Wednesday 24 May 2017

Review: The whisperers by John Connolly

(Hodder & Stoughton €14)

Set in northern Maine, close to the porous border with Canada across which anything can be smuggled -- drugs, cash, weapons or people -- John Connolly's latest Charlie Parker adventure kicks off when the haunted private investigator is asked by a troubled father to try to find out why his son, an elite soldier recently returned from the Iraq war, committed suicide.

Bennett Patchett is also concerned about a young woman who works as a waitress in his popular diner. He believes that her boyfriend, also an Iraq war veteran, is beating her and he wants that stopped.

Charlie's investigations suggest that a group of disenchanted former soldiers has begun its own smuggling operation, an act that has seriously irked the established players in this nefarious trade, the Mexicans, Colombian, Mohawk and biker gangs. He also discovers that there has been an epidemic of deaths among the former combatants, all apparent suicides, some in very strange circumstances.

From Parker's unique perspective, his discovery that the former soldiers' illegal cargo is something much stranger, much more terrifying and dangerous that anyone could ever imagine, is bad enough. That the illicit cargo, incalculably valuable ancient artefacts looted from Baghdad's Museum of Antiquities during the invasion, has aroused the interest of the reclusive Herod, a man obsessed by the strange, who is accompanied everywhere by an ethereal, shadowy and evil figure from the other world he calls The Captain, is even worse.

Parker calls in his friends, the lethal gay couple Louis and Angel, and as inter-gang war erupts the trio attempt to protect the innocent and prevent Herod from unleashing unimaginable terror on the world.

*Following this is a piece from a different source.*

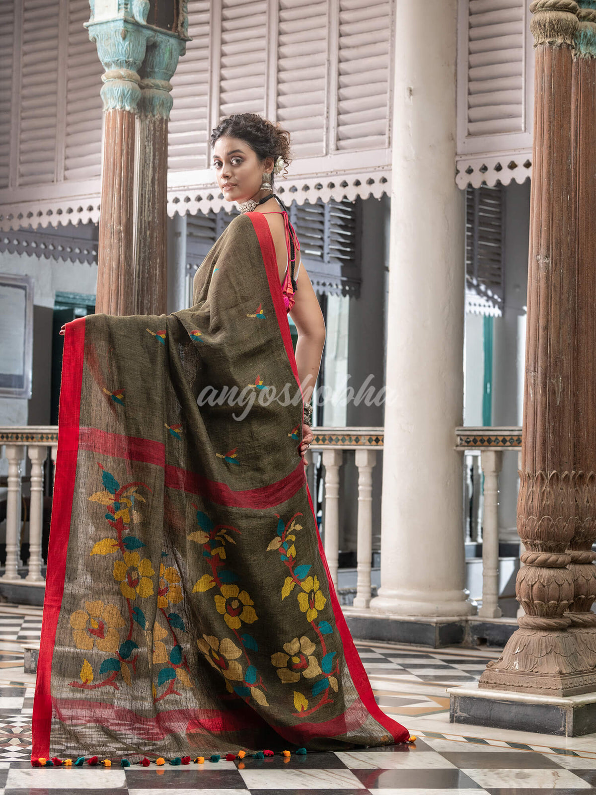Description: Angoshobha’s ethnic saree comes with an unstitched blouse piece, which can be stitched according to your taste and preference. This Moss green linen jamdani saree is crafted by skilled craftsmen using high quality linen fabric without compromising on its quality.The border of the saree is concocted with red colour  and the hem of the saree is designed with latest combination and spreading the body with motifs.And pallu flower motifs. Saree is very comfortable in summer and suitable for festivals .With this beautiful jamdani design and fabric, this saree and blouse set will fetch you Oodles of compliments and praises.So collect this product very soon.

This ninth Charlie Parker outing works brilliantly on two levels. As a straight action-packed thriller with an ingenious and totally credible plot, The Whisperers zips along at breakneck pace to its explosive finale, while on its way effortlessly feeding the reader well-researched and fascinating information on issues such as post traumatic stress disorder, the difference between the Sumerian and Akkadian languages of 2300BC and the shameful treatment of war veterans by the Bush administration.

But as readers of any of the previous Parker novels will know, the private investigator has a foot or more in a parallel dimension, where the demons and terrors that haunt us all in our nightmares, for him take a real and physical shape and threaten his sanity and his life. Here John Connolly handles this alternative universe with a much lighter touch than hitherto fore, an admirable decision that is bound to bring him many more mainstream thriller fans.

This is a novel to enjoy on every level because Connolly writes like an angel. His prose is so good, so precisely nuanced, in a few short sentences describing something really scary that will literally make the hairs on the back of your neck stand to attention.

Connolly is unique among Irish writers in that all of his thrillers are set in America. He's a bestseller there and everywhere else and this one is another winner. It may be a cliché, but once picked up, The Whisperers is impossible to put down. His best yet.